Or– better yet — not permitting them to occur in the first place.
Code and Body
To begin to get a handle on this, I’d like you to think about sound in terms of light.
White light, for instance, which looks so simple, is in fact a tangled superimposure of every wavelength (that is to say, every color) of light simultaneously. You can observe this in reverse when you shine a flashlight through a prism and see the white beam fan out into the familiar rainbow of colors from violet (the shortest wavelength of visible light) – through indigo, blue, green, yellow, and orange – to red (the longest wavelength).
Keeping this in mind, I’d now like you to imagine white sound – every imaginable sound heard together at the same time: the sound of New York City, for instance – cries and whispers, sirens and shrieks, motors, subways, jackhammers, street music, Grand Opera and Shea Stadium. Now imagine that you could ‘shine’ this white sound through some kind of magic prism that would reveal to us its hidden spectrum.
Just as the spectrum of colors is bracketed by violet and red, this sound-spectrum will have its own brackets, or limits. Usually, in this kind of discussion, we would now start talking about the lowest audible (20 cycles) and highest audible (20,000 cycles) frequencies of sound. But for the purposes of our discussion I am going to ask you to imagine limits of a completely different conceptual order – something I’ll call Encoded sound, which I’ll put over here on the left (where we had violet); and something else I’ll call Embodied sound, which I’ll put over on the right (red).
The clearest example of Encoded sound is speech.
The clearest example of Embodied sound is music.
When you think about it, every language is basically a code, with its own particular set of rules. You have to understand those rules in order to break open the husk of language and extract whatever meaning is inside. Just because we usually do this automatically, without realizing it, doesn’t mean it isn’t happening. It happens every time someone speaks to you: the meaning of what they are saying is encoded in the words they use. Sound, in this case, is acting simply as a vehicle with which to deliver the code.
Music, however, is completely different: it is sound experienced directly, without any code intervening between you and it. Naked. Whatever meaning there is in a piece of music is ‘embodied’ in the sound itself. This is why music is sometimes called the Universal Language.

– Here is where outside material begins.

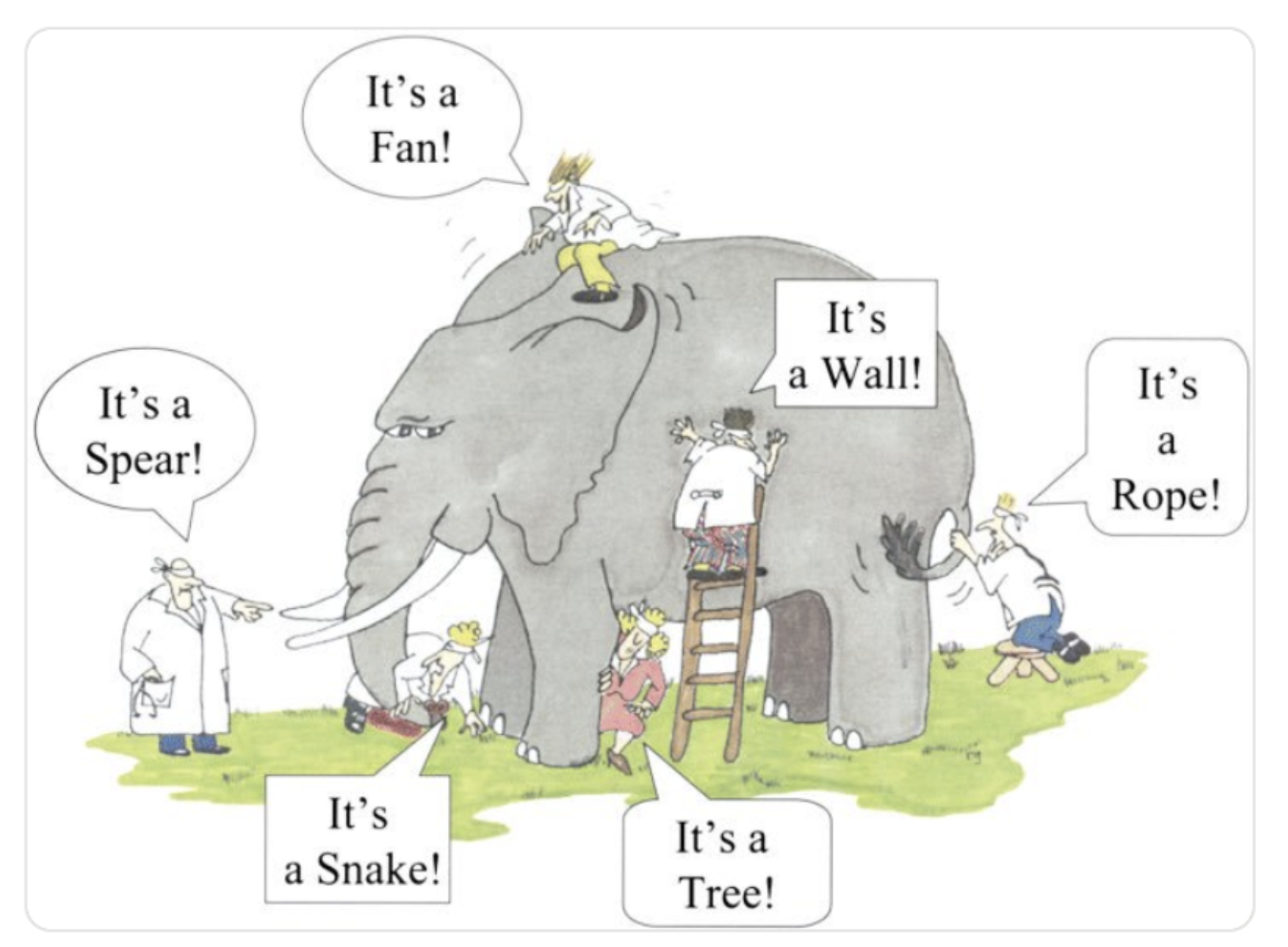 I wrote about this in detail in a post in March. The simple truth is that everyone has a prism through which they see the world, based on their life experience. This thought is well communicated in the ancient Indian tale of the five blind men and the elephant:

What lies between these outer limits? Just as every audible sound falls somewhere between the lower and upper limits of 20 and 20,000 cycles, so all sounds will be found somewhere on this conceptual spectrum from speech to music.
Most sound effects, for instance, fall mid-way: like ‘sound-centaurs,’ they are half language, half music. Since a sound effect usually refers to something specific – the steam engine of a train, the knocking at a door, the chirping of birds, the firing of a gun – it is not as ‘pure’ a sound as music. But on the other hand, the language of sound effects, if I may call it that, is more universally and immediately understood than any spoken language.
Green and Orange
But now I’m going to throw you a curve (you expected this, I’m sure) and say that in practice things are not quite as simple as I have just made them out to be. There are musical elements that make their way into almost all speech – think of how someone says something as a kind of music. For instance, you can usually tell if someone is angry or happy, even if you don’t understand what they are saying, just by listening to the tone (the music) of their voice. We understand R2-D2 entirely through the music of his beeps and boops, not from his ‘words’ (only C-3PO and Luke Skywalker can do that). Stephen Hawking’s computerized speech, on the other hand, is perfectly understandable, but monotonous – it has very little musical content – and so we have to listen carefully to what he says, not how he says it.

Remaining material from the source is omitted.